- [Stored data]
* * *

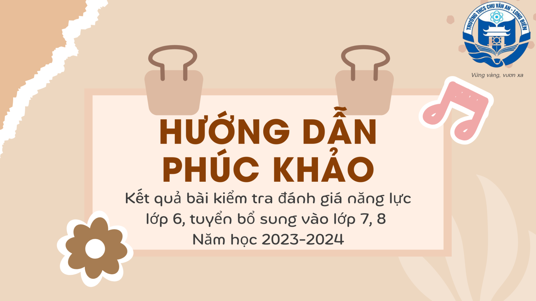 Hội đồng tuyển sinh trường THCS Chất lượng cao Chu Văn An hướng dẫn về việc phúc khảo kết quả bài kiểm tra đánh giá năng lực khối lớp 6, tuyển bổ sung khối 7,8 năm học 2023-2024 như sau:
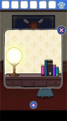 继续往右走,进入有书架的房间,把3号书放到下层的空位上,打开上面的柜子,瞧瞧里面藏着什么秘密。
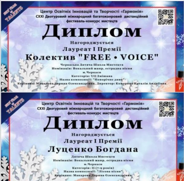 Вокальний колектив «FREE VOICE» та юна солістка Богдана Луценко з Черкаської дитячої школи мистецтв отримали дипломи Лауреатів І премії СХХІ Двотурового міжнародного багатожанрового дистанційного фестивалю-конкурсу мистецтв «NEW YEAR OF TALENTS».
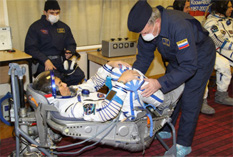 ソユーズ宇宙船は国際宇宙ステーション(ISS)から分離後、不要なモジュールを切り離し、大気圏に突入。高度約10kmから次々にパラシュートを開いて、地上に着陸。ISSから離れてから約3時間半で帰ってきてしまうという「国内旅行」並の近さだが、体への負担はスペースシャトル着陸時より大きい。重力加速度は通常で4~5G(自分の体重の4倍~5倍がのしかかる)。姿勢を制御できない場合は「弾道突入モード」になり、8~13Gかかることもあるという。

* * *

- [Problem]
The preceding listing is to be restated word for word, with every picture omitted.

- [Finished task]
 Hội đồng tuyển sinh trường THCS Chất lượng cao Chu Văn An hướng dẫn về việc phúc khảo kết quả bài kiểm tra đánh giá năng lực khối lớp 6, tuyển bổ sung khối 7,8 năm học 2023-2024 như sau:
 继续往右走,进入有书架的房间,把3号书放到下层的空位上,打开上面的柜子,瞧瞧里面藏着什么秘密。
 Вокальний колектив «FREE VOICE» та юна солістка Богдана Луценко з Черкаської дитячої школи мистецтв отримали дипломи Лауреатів І премії СХХІ Двотурового міжнародного багатожанрового дистанційного фестивалю-конкурсу мистецтв «NEW YEAR OF TALENTS».
 ソユーズ宇宙船は国際宇宙ステーション(ISS)から分離後、不要なモジュールを切り離し、大気圏に突入。高度約10kmから次々にパラシュートを開いて、地上に着陸。ISSから離れてから約3時間半で帰ってきてしまうという「国内旅行」並の近さだが、体への負担はスペースシャトル着陸時より大きい。重力加速度は通常で4~5G(自分の体重の4倍~5倍がのしかかる)。姿勢を制御できない場合は「弾道突入モード」になり、8~13Gかかることもあるという。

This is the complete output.